%%

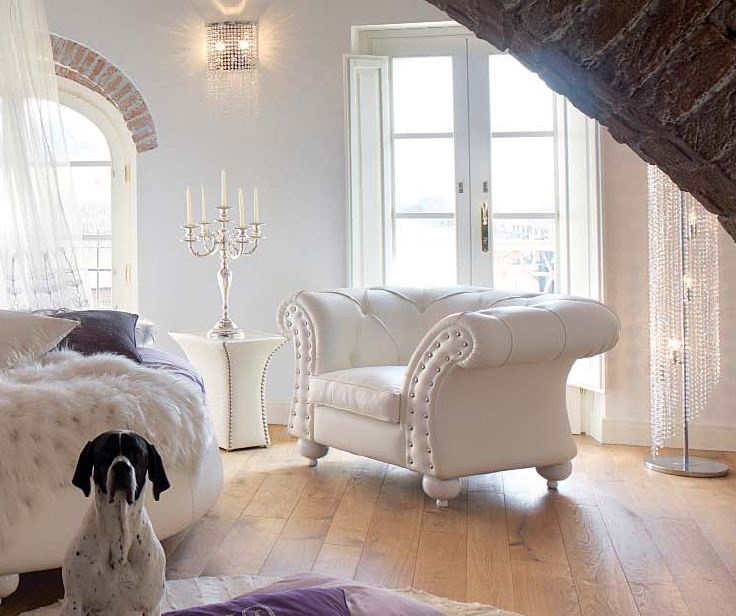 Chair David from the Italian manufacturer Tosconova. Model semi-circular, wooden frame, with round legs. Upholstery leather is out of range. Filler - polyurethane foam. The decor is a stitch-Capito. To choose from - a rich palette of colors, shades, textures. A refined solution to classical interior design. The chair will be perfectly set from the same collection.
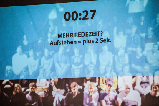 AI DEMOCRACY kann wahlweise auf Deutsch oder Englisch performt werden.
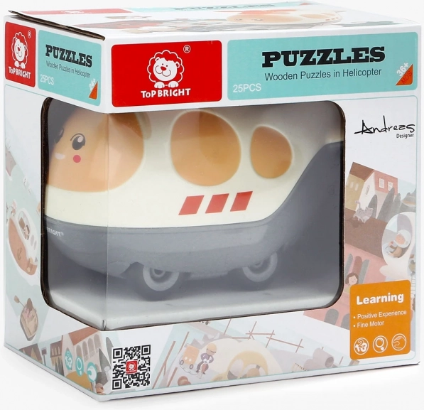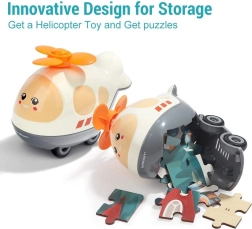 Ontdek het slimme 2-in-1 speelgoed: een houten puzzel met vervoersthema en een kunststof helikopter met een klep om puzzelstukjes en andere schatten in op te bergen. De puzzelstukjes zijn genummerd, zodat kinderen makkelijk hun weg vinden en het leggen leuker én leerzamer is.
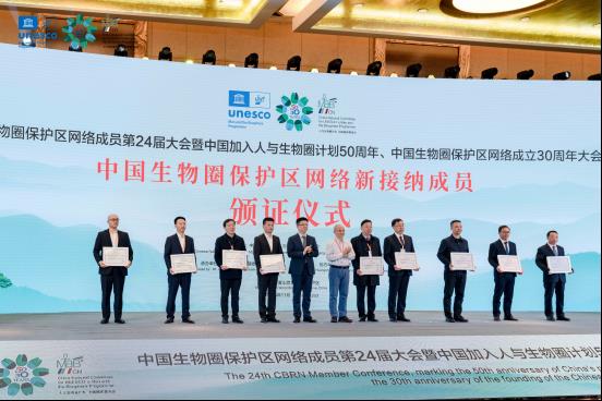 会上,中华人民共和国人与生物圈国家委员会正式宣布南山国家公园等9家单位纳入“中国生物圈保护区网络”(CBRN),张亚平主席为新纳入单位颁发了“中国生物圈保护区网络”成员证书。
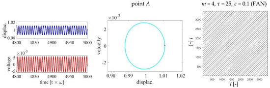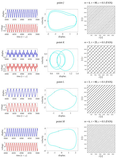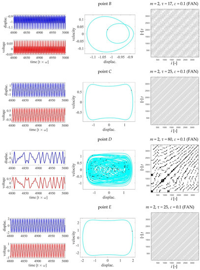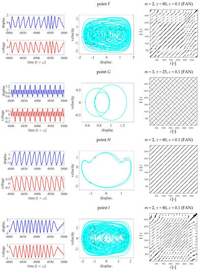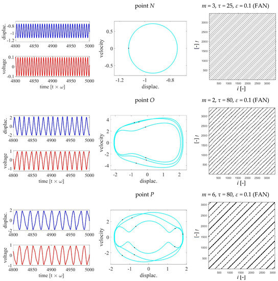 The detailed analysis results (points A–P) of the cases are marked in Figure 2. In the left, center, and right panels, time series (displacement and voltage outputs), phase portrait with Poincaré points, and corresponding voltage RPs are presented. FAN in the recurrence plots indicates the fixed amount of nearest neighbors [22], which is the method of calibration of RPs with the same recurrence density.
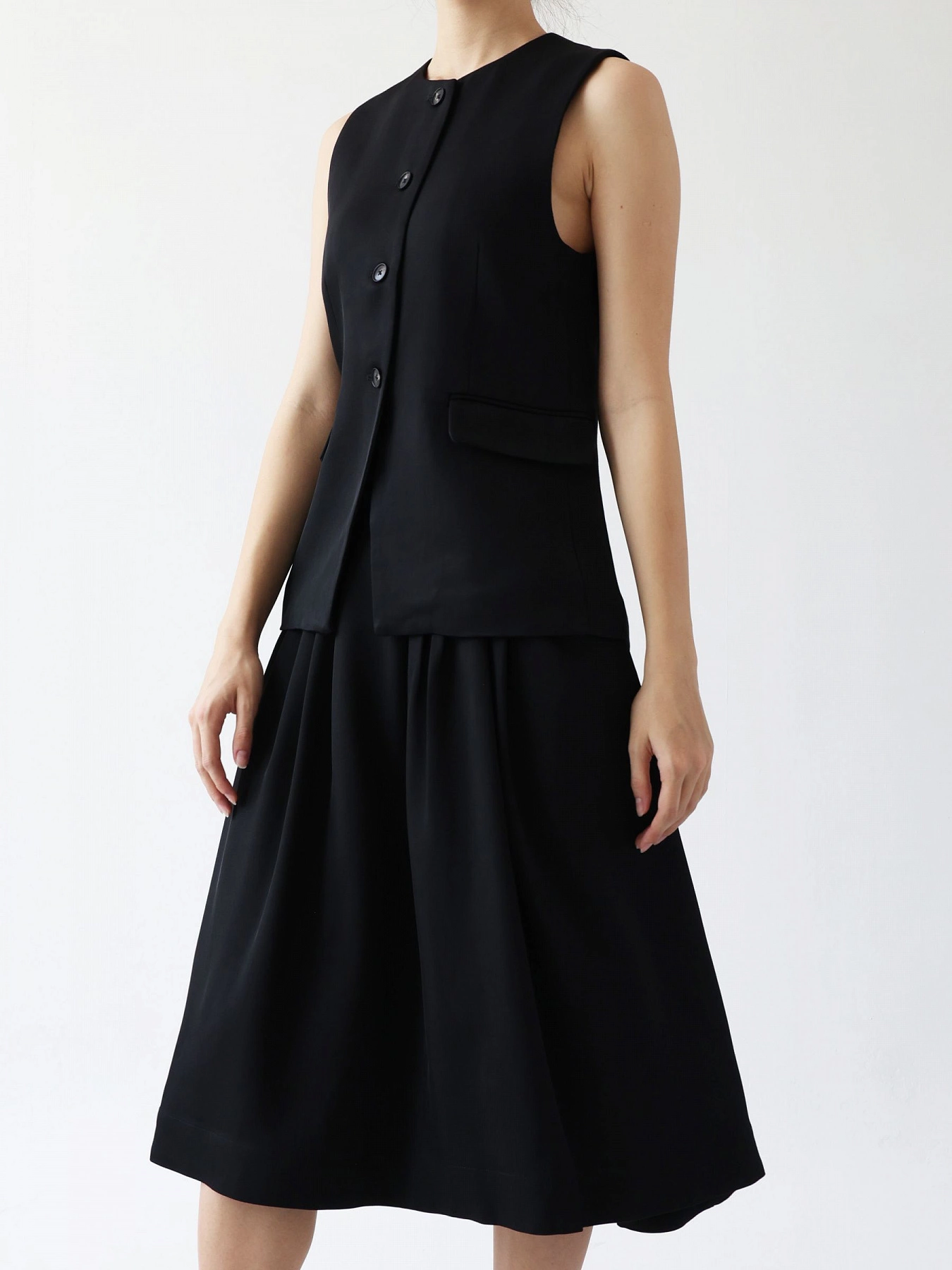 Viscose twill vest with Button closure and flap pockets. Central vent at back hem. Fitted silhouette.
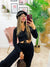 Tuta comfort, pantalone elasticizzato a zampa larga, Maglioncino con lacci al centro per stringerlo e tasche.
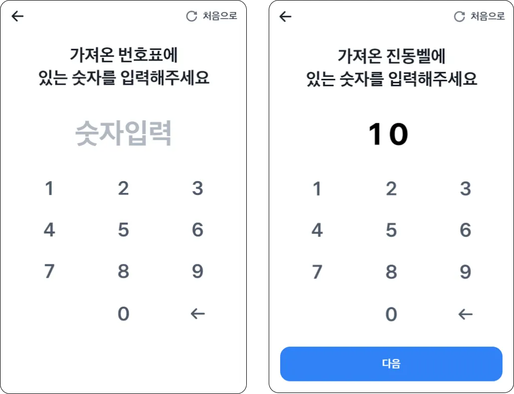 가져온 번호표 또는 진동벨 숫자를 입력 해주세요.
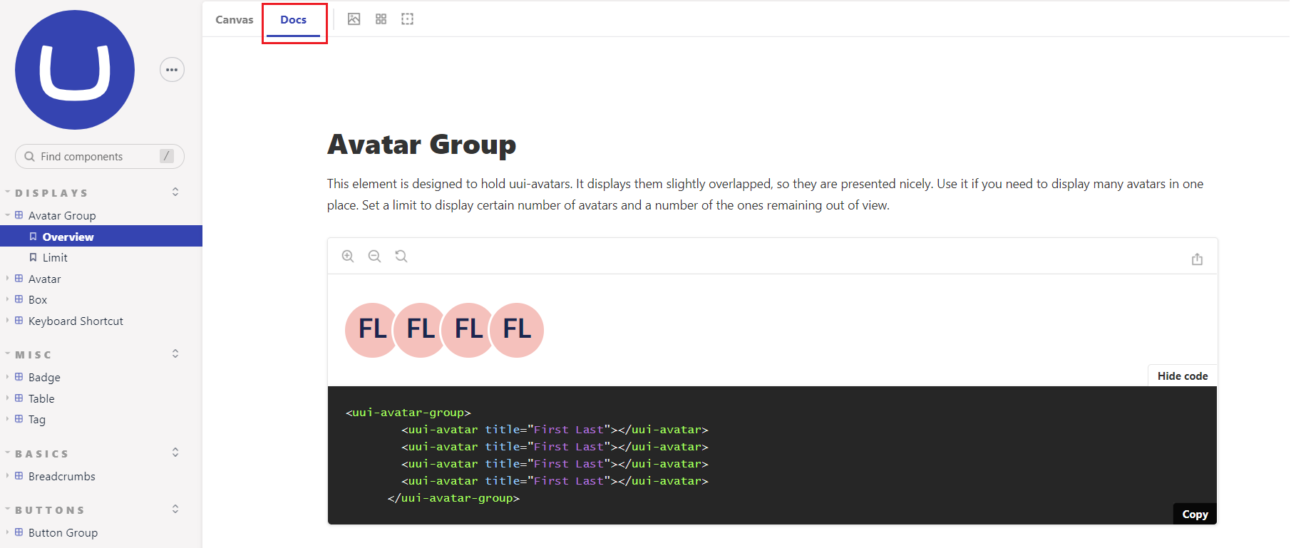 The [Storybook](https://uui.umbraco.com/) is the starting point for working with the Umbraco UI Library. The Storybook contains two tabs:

%%

Try it: Only the lines from the top of the records through the line with "AI DEMOCRACY kann" belong in the copy; write them out exactly, leaving out pictures.

Result of this exercise:
 Chair David from the Italian manufacturer Tosconova. Model semi-circular, wooden frame, with round legs. Upholstery leather is out of range. Filler - polyurethane foam. The decor is a stitch-Capito. To choose from - a rich palette of colors, shades, textures. A refined solution to classical interior design. The chair will be perfectly set from the same collection.
 AI DEMOCRACY kann wahlweise auf Deutsch oder Englisch performt werden.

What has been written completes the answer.